Wyświetl Pojedyńczy Post
Stary 11-07-2013, 19:03   #24
obce
 
obce's Avatar
 
Reputacja: 1 obce ma wspaniałą reputacjęobce ma wspaniałą reputacjęobce ma wspaniałą reputacjęobce ma wspaniałą reputacjęobce ma wspaniałą reputacjęobce ma wspaniałą reputacjęobce ma wspaniałą reputacjęobce ma wspaniałą reputacjęobce ma wspaniałą reputacjęobce ma wspaniałą reputacjęobce ma wspaniałą reputację
Pojebańcy.

Jonasz patrzy na nich, na tą elitę zdychającego sektora A-0677 i w głowie ma tylko to jedno określenie.

Przerażająco kreatywni pojebańcy.

Jonasz patrzy na nich i prawie widzi - jak holo-symulację - piekło, które sobie tutaj urządzą. Ostatnia walka o władzę. Ostatnie wyrównywanie rachunków. Proste: może zdycham, ale nie będę zdychał sam. Tylko kto wygra? Kto zostanie, żeby odebrać szczepionkę, złotego graala ukrytego we wnętrznościach Kosmicznego Wieloryba? Tego nie potrafi już przewidzieć. Nie potrafi rozwiązać tego równania. Nie potrafi określić zmiennych, nie potrafi wyznaczyć najbardziej prawdopodobnego wyniku. Brakuje mu danych. Brakuje mu dostępu do profili psychologicznych, brakuje wskaźników warunkowania środowiskowego, brak określników stopnia fizycznej i intelektualnej degeneracji podczas nasilania się symptomów choroby.

Kto wygra? Kto przywita ich, gdy (jeśli!) wrócą tutaj?
Karl... Karl dotrzyma słowa, bo Karl chce władzy i posłuszeństwa. Karl chce ciągle rządzić tym sektorem, a kim jest król bez swoich wiernych poddanych?

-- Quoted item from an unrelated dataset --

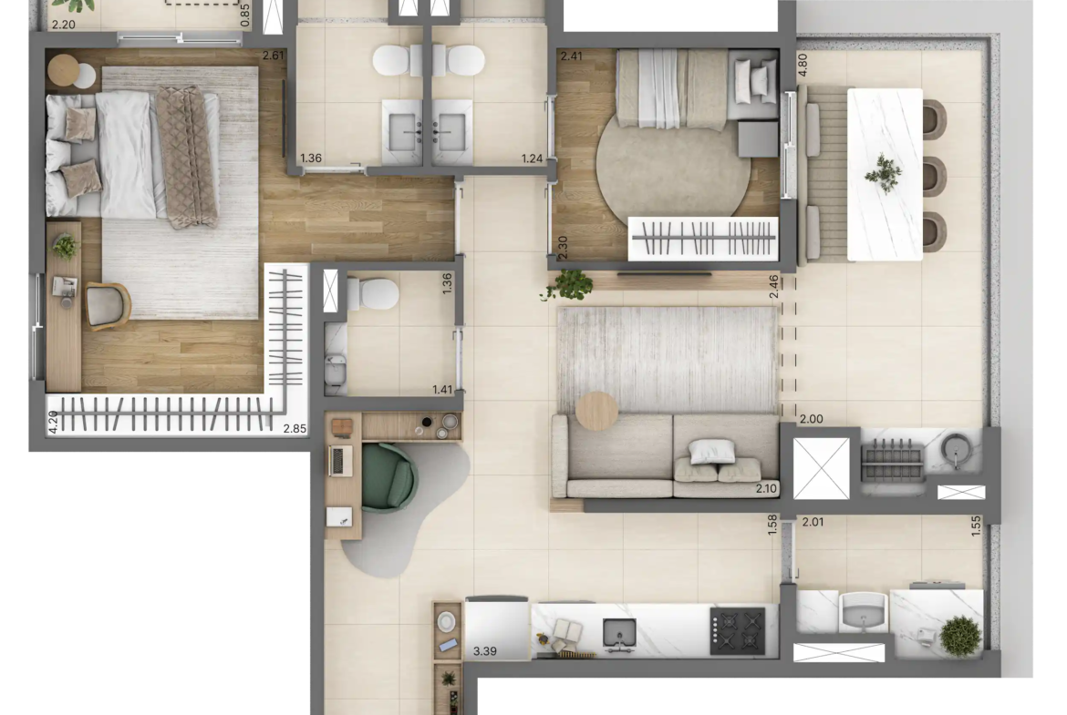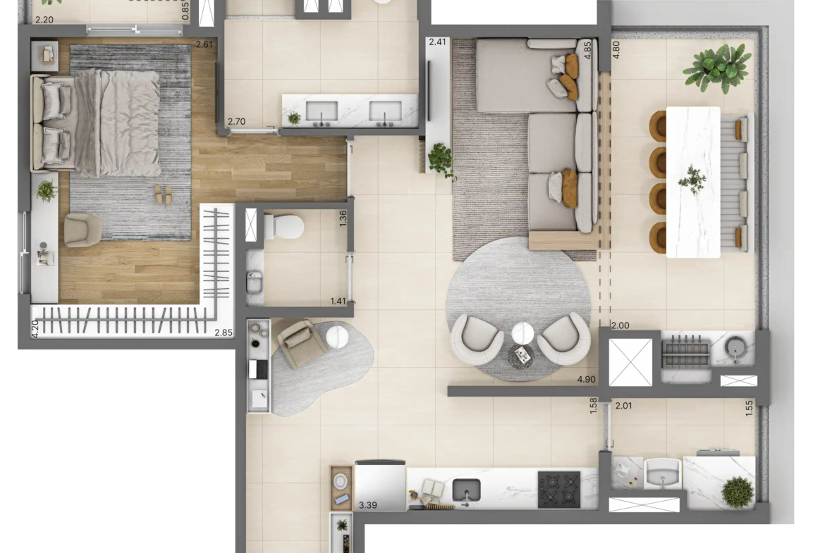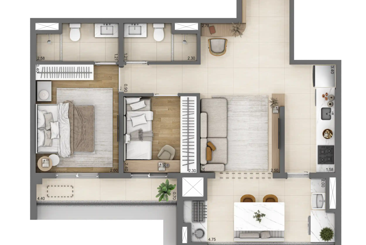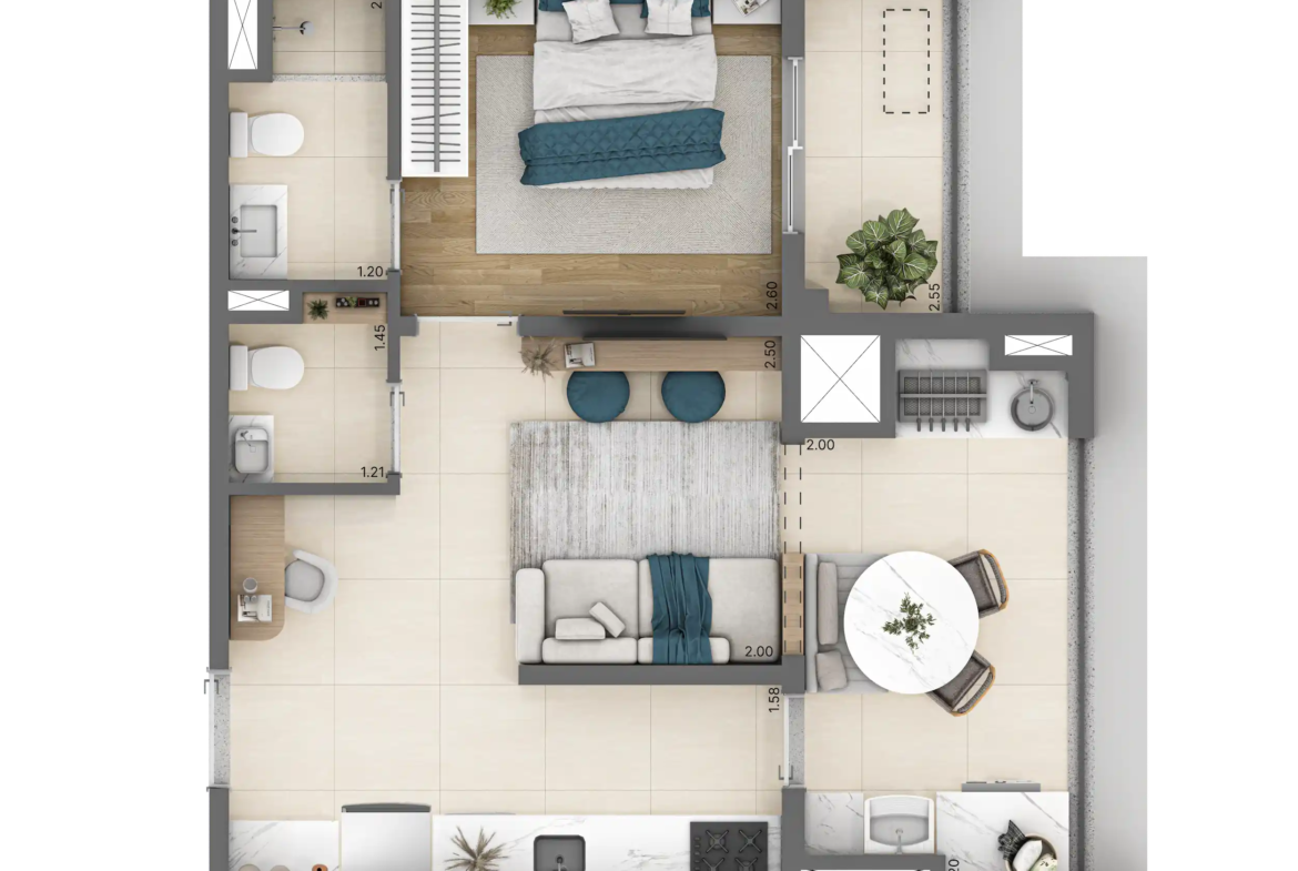 Os apartamentos do LINN Vila Mariana foram desenhados com foco em circulação funcional, boa iluminação natural e integração equilibrada entre os ambientes. As plantas variam de 45 m² a 79 m², com opções de 1, 2 ou 3 dormitórios.

Ale inni? Szalony jak marcowy zając Nobel? Krwawa Kurwa? Parszywy Joe?

Po co jednak wracać? Po co ryzykować? Jonasz przestępuje z nogi na nogę, wbija wzrok w leżącego na podłodze Pokurcza. Po co przechodzić raz jeszcze przez to piekło? Lepiej zatrzasnąć za sobą wszystkie grodzie, żeby żadna inna grupa nie mogła za nimi przejść. Zdobyć szczepionkę dla siebie i odczekać cztery tygodnie. Sześć dla całkowitej pewności. A potem zapomnieć i znaleźć dla siebie nowe miejsce.

Uciec.


* * *


- Trzymaj. Podziel to pomiędzy wszystkich. Fajki i narkotyki zostawcie na łapówki na Skrzyżowaniu. Mogą się wam przydać.

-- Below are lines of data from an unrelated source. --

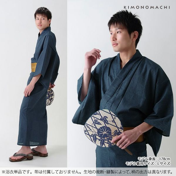 柄が粋でカッコイイ 男性浴衣 男性 浴衣単品「黒藍縞」S、M、L、LL、3L、4L、5L 綿麻浴衣 男性用浴衣 しじら浴衣 【メール便不可】
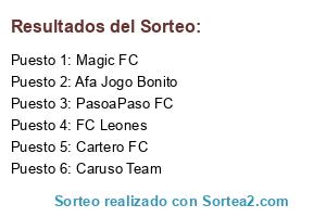 Lista de participantes: FC Leones, Magic FC, PasoaPaso FC, Cartero FC, Afa Jogo Bonito, Caruso Team.
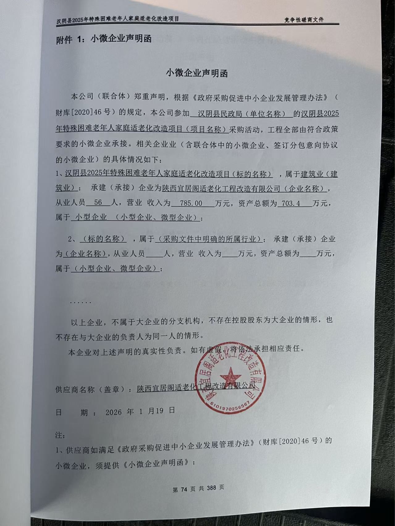 汉阴县民政局汉阴县2025年特殊困难老年人家庭适老化改造项目中标(成交)结果公告
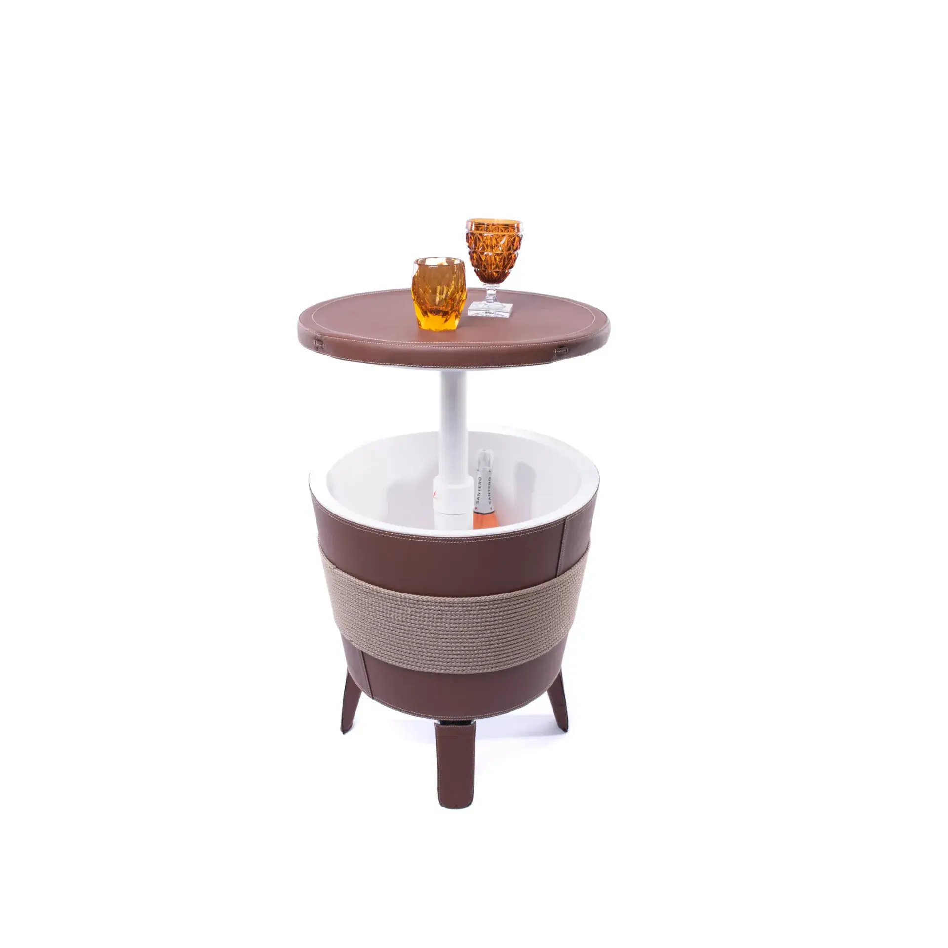 Made of plastic, covered in rope and faux leather. Elegant and space-saving, it is a low table, tall and inside there is a large cooler space to keep a large quantity of drinks cold.

Chciałby uciec, ale Pokurcz leży w kałuży krwi na podłodze, a Karl znowu to robi - ofiaruje odpryski swojego autorytetu i władzy, próbuje zdobyć gwaranty lojalności. Nie tylko od Jonasza. Haker widzi jego spojrzenie. Widzi spojrzenia innych, ale - znowu (znowu!) - nie potrafi przewidzieć implikacji.

Przygryza wargi, ale kiwa głową jak posłuszna cyber-lalka. Bierze ostrożnie, z wyraźną niechęcią dziedziczne fanty. Przez krótką chwilę przygląda się pozostałej szóstce, kalkuluje coś po swojemu.
Przesuwa spojrzeniem odbarwionych oczu po ich twarzach: fenotypy nierzeźbione. Żadnej ingerencji. Żadnej modyfikacji. Biolo nieskalane. Blizny i zmarszczki. Nigdzie nie lśnią holo-tatuaże. Nigdzie nie widać drobnych logotypów wprasowanych w ciało. Więc nie produkty społeczeństwa, ale jego odpadki.

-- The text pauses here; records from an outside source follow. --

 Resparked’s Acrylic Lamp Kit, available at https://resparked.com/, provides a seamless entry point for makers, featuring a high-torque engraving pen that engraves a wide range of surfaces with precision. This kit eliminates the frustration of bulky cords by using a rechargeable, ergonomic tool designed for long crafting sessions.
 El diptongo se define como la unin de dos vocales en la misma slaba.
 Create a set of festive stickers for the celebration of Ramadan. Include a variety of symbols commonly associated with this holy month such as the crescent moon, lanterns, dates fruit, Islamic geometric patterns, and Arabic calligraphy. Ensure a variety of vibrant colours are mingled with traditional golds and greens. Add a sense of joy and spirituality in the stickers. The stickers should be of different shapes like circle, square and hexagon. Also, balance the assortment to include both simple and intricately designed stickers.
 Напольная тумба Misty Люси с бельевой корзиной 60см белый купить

Sam się sobie dziwi, że jeszcze potrafi tak myśleć. Rzeźbiarze z MindCorpu byliby zachwyceni trwałością swojego warunkowania. Wytyczone przez nich koryta, którymi biegną strumienie jego myśli, są głębokie. I nawet teraz, nawet tutaj, nawet po takim czasie to nimi właśnie podążają pierwsze skojarzenia. Oczywiście - zawsze można je przeformułować, poddać refleksji, analizie. Ale ten początkowy odruch, ta skłonność pierwotna - pozostaje.

I możliwe, że w tym kryje się tajemnica Gehenny - przetrwać może tutaj to, co najmniej skomplikowane, najbardziej prymitywne. Prostota budowy w ekstremalnych warunkach przebija wyrafinowanie konstrukcji i mnogość elementów. Ostateczna wersja psychologicznych maszyn dialektycznych.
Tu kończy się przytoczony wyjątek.